Helen on Eighty-sixth Street 

Wendi Kaufman 

I hate Helen. That’s all I can say. I hate her. Helen McGuire is playing Helen, so Mr. Dodd says, because, out of the entire sixth grade, she most embodies Helen of Troy. Great. Helen McGuire had no idea who Helen of Troy even was! When she found out, well, you should have seen her—flirting with all the boys, really acting the part. And me? Well, I know who Helen was. I am unhappy. 

My mother doesn’t understand. Not that I expected she would. When I told her the news, all she said was “Ah, the face that launched a thousand ships.” She didn’t even look up from her book. Later, at dinner, she apologized for quoting Marlowe. Marlowe is our cat.

At bedtime I told my mother, “You should have seen the way Helen acted at school. It was disgusting, flirting with the boys.” 

Mom tucked the sheets up close around my chin, so that only my head was showing, my body covered mummy style. “Vita,” she said, “it sounds like she’s perfect for the part.” 
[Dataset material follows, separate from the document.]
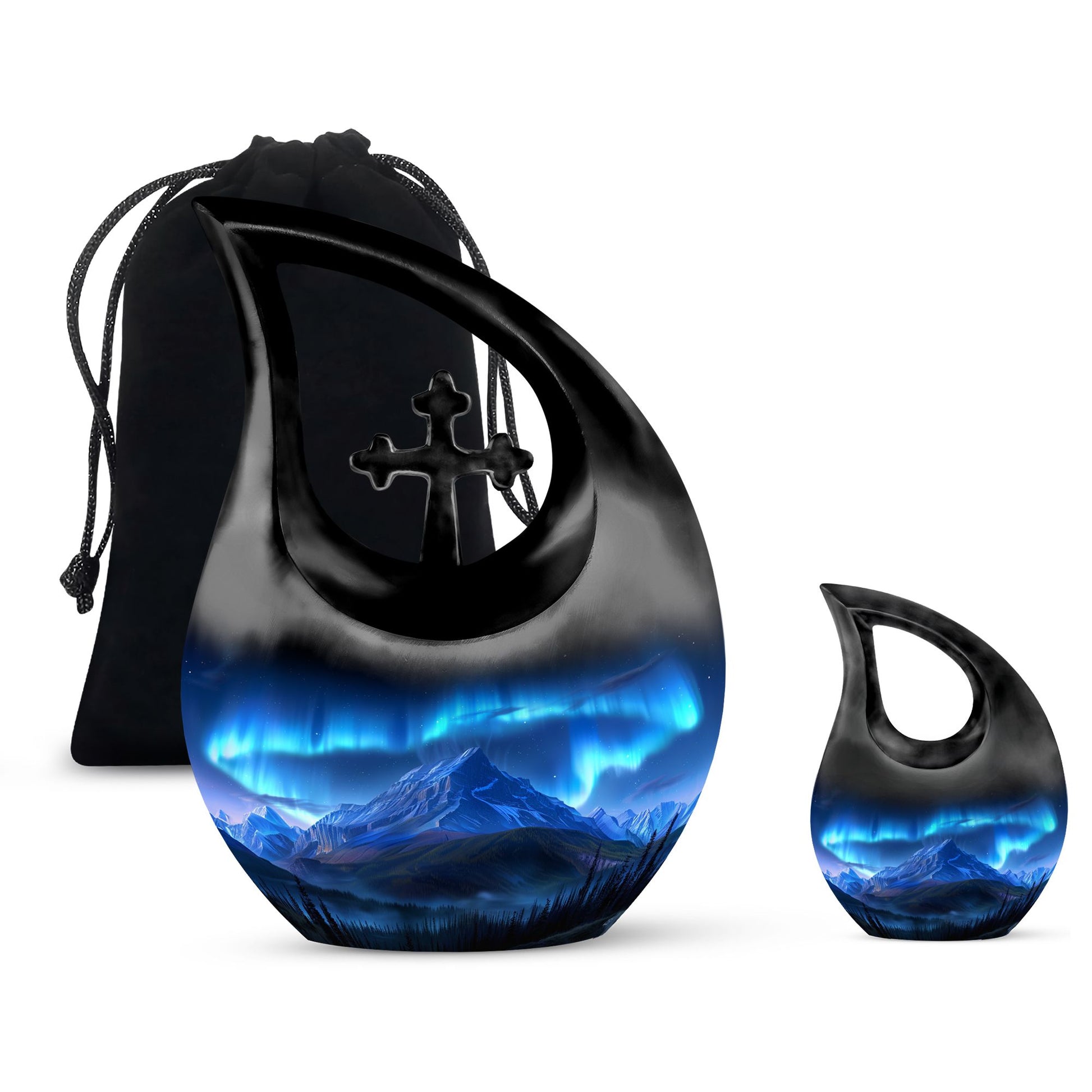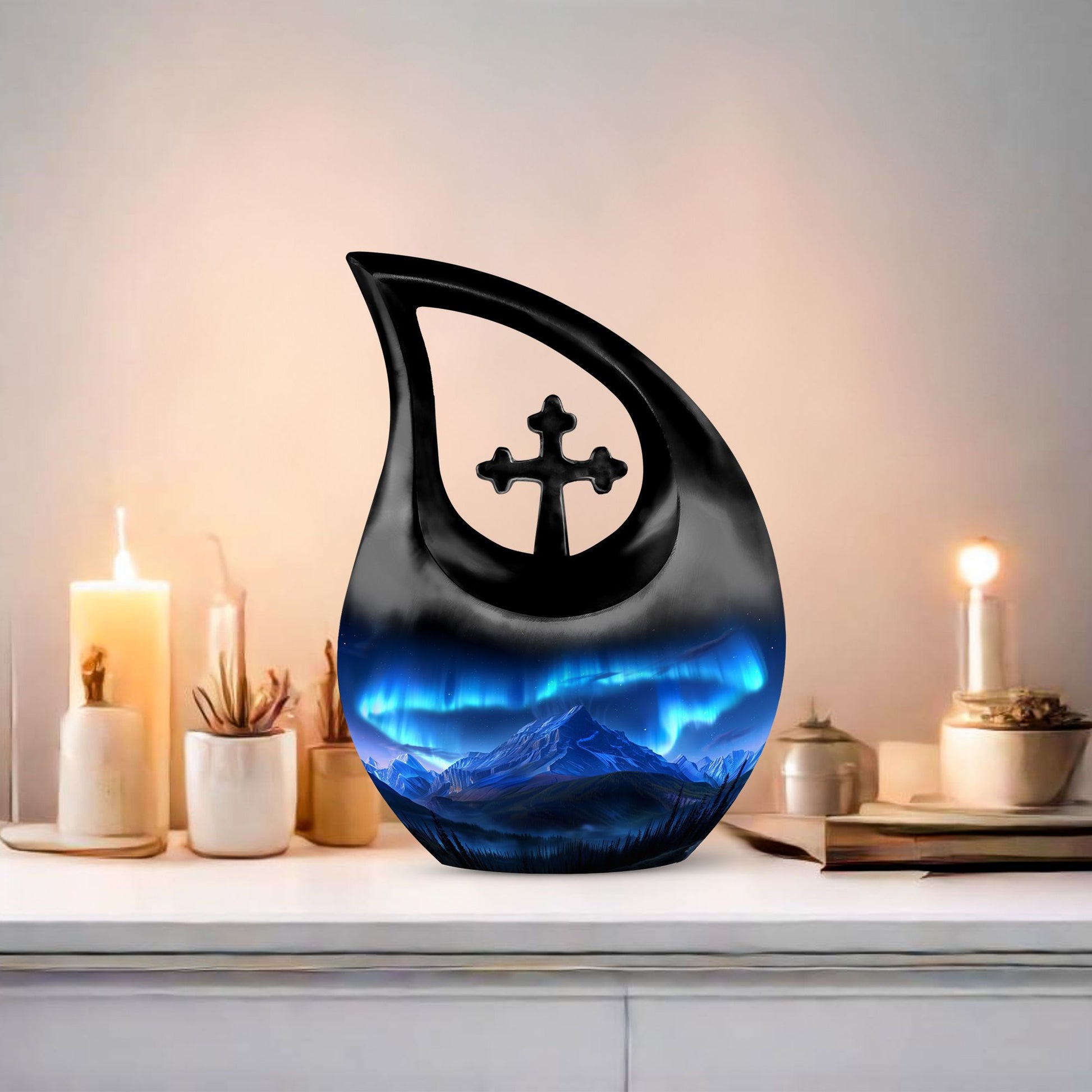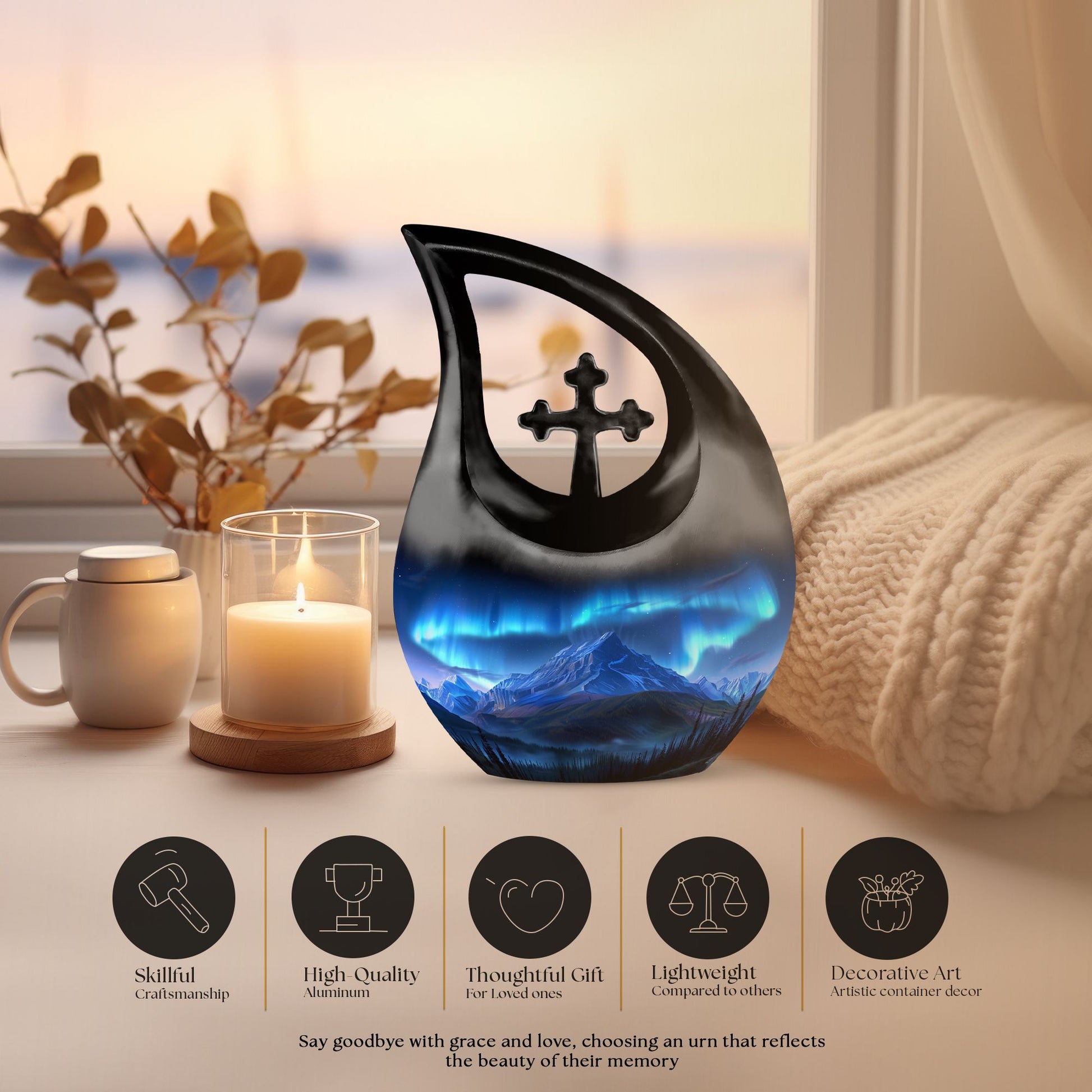 Discover your unique commemoration with our Arora Borealis Urn. This 10-inch urn, shadowcast in sturdy aluminium, fuses tradition with unmatched artistry. Its captivating cross drop motif echoes sentiments of solace and remembrance. At 3.3 pounds, this majestic memento secures up to 200 cubic inches of precious memories - an ideal pick amongst large urns. Its customization feature exemplifies this dedication by allowing the engraving of names, making it one of the most meaningful customized urns for ashes for adults. Safeguarded in an accompanying velvet pouch, it assures the delicate containment of ashes, reflecting the profundity of your love. A representative cremation monument, this urn resonates with your need for unique urns for dad or anyone dearly missed. Make your peace with this memorial urn for human ashes, a poignant reminder of the afterglow of a cherished life.

So, I can’t play Helen. But, to make it worse, Mr. Dodd said I have to be in the horse. I can’t believe it. The horse! I wanted to be one of the Trojan women—Andromache, Cassandra, or even Hecuba. I know all their names. I told Mr. Dodd this, and then I showed him I could act. I got really sad and cried out about the thought of the body of my husband, Hector, being dragged around the walls of my city. I wailed and beat my fist against my chest. “A regular Sarah Heartburn” was all he said. 

“Well, at least you get to be on the winning team,” my mother said when I told her about the horse. This didn’t make me feel any better. “It’s better than being Helen. It’s better than being blamed for the war,” she told me. 

Mom was helping me make a shield for my costume. She said every soldier had a shield that was big enough to carry his body off the field. I told her I wasn’t going to be a body on the field, that I was going to survive, return home. 

“Bring the shield, just in case,” she said. “It never hurts to have a little help.” 

Mom and I live on West Eighty-sixth Street. We have lived in the same building, in the same apartment, my entire life. My father has been gone for almost three years. The truth is that he got struck with the wanderlust—emphasis on “lust,” my mother says—and we haven’t heard from him since. 

“Your father’s on his own odyssey,” my mother said. And now it’s just me and Mom and Marlowe and the Keatses, John and John, our parakeets, or “pair of Keats,” as Mom says. When I was younger, when Dad first left and I still believed he was coming back, it made me happy that we still lived in the same building. I was happy because he would always know where to find us. Now that I am older, I know the city is not that big. It is easy to be found and easy to stay lost. 

And I also know not to ask about him. Sometimes Mom hears things through old friends—that he has traveled across the ocean, that he is living on an island in a commune with some people she called “the lotus eaters,” that he misses us.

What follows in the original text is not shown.